He concluded, “I think we’ll get along just fine.”
“What’s up ACL, it’s been a while? I feel like last time I was here I had a broken leg,” Grohl said early, calling out the 2015 ACL appearance wherein he performed on a big Foo-branded throne amid an in-season injury.
Saturday marked the Foos’ third ACL headlining slot since 2008. This one closed with “Everlong,” a love song so good (that also runs on fast, hard drumming) it rivals anything Grohl’s played on. It's centered on gratitude, which is why it's so memorable.
“I don’t wanna sing alone,” Grohl said, one of many singalongs he courted the crowd to join. “It’s not Beethoven. It’s pretty easy.”

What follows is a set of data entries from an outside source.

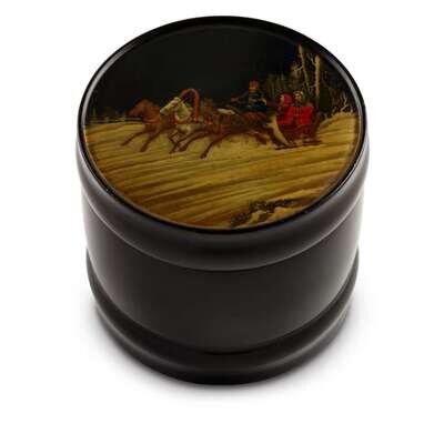 A Russian Lacquer Barrel-form Tea Caddy "Troika Ride" Vishnyakov & Sons, Ostashkovo, ca. 1880
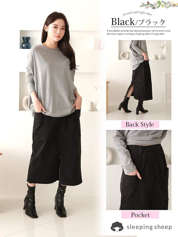 *カラー:ベージュ・カーキ・ブラック *サイズ [Mサイズ]ウエスト:62cm、ヒップ幅:96cm、総丈:80cm、裾幅:96cm [Lサイズ]ウエスト:66cm、ヒップ幅:100cm、総丈:80cm、裾幅:100cm [LLサイズ]ウエスト:72cm、ヒップ幅:106cm、総丈:80cm、裾幅:106cm [3Lサイズ]ウエスト:78cm、ヒップ幅:112cm、総丈:80cm、裾幅:112cm [4Lサイズ]ウエスト86cm、ヒップ幅:118cm、総丈:80cm、裾幅:120cm 「素材」コットン98%、ポリウレタン2% 「裏地」なし 「透け感」なし 「伸縮性」あり 「生地の厚さ」やや薄い 「原産国」バングラデシュ
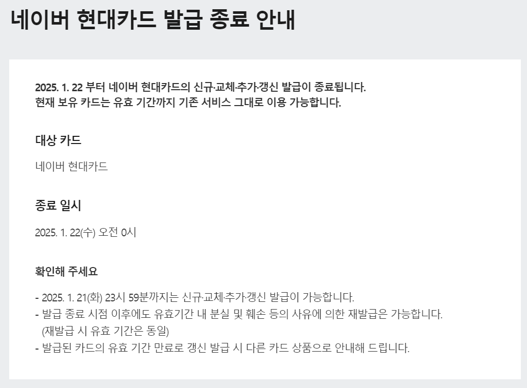 현대카드 발급 종료!
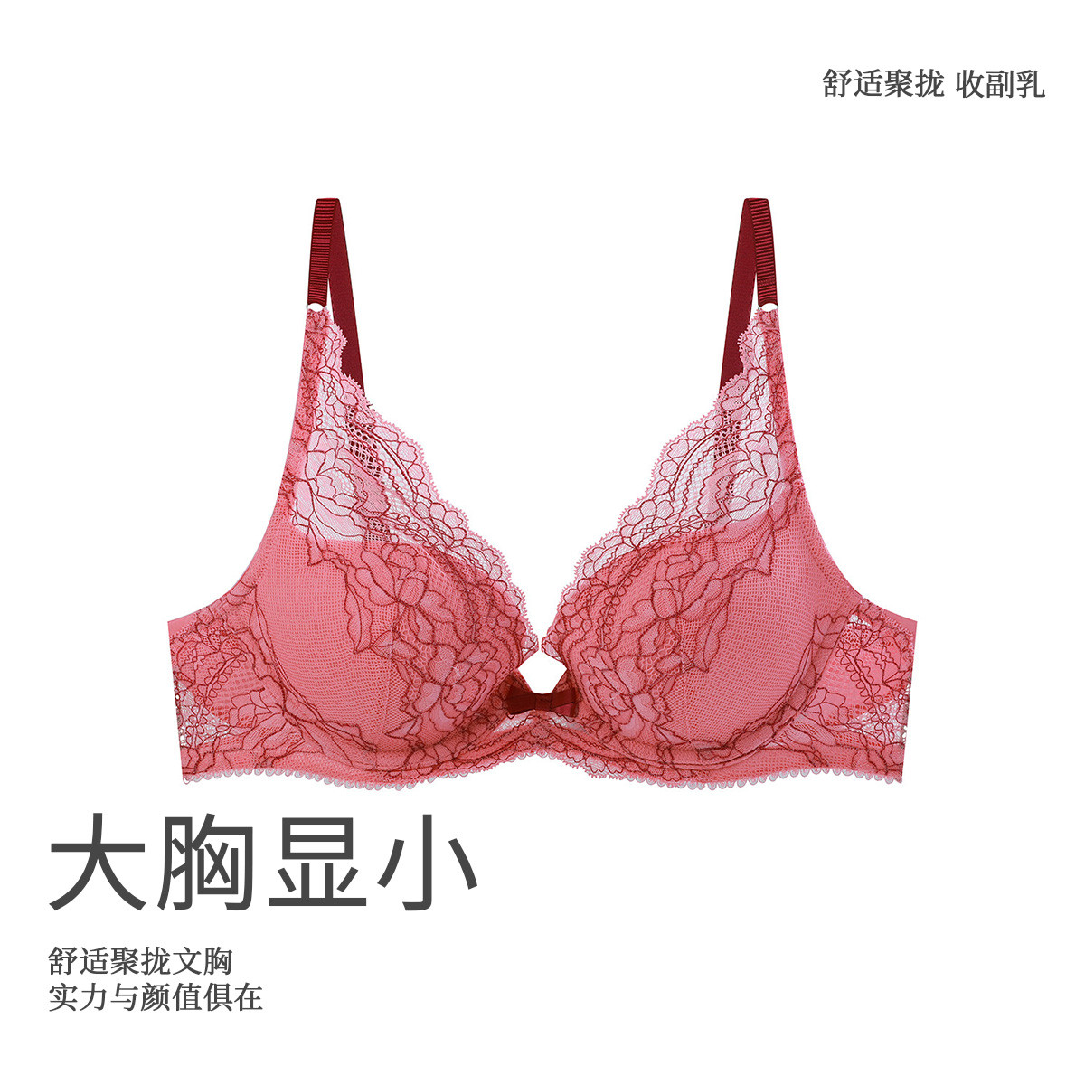 【调整聚拢】黛安芬内衣大胸显小蕾丝深V文胸女E003599 547208

Foo Fighters' Austin City Limits Music Festival setlist:
"All My Life"
"The Pretender"
"No Son of Mine"
"Learn to Fly"
"Rescued"
"Walk"
"Times Like These"
"Breakout"
"Sabotage" (Beastie Boys cover)
"Blitzkrieg Bop" (Ramones cover)
"Whip It" (Devo cover)
"My Hero"
"This Is a Call"
"The Sky Is a Neighborhood"
"Nothing At All" (with "Blackbird" cover)
"These Days"
"Aurora"
"Monkey Wrench"
"Best of You"
"Everlong"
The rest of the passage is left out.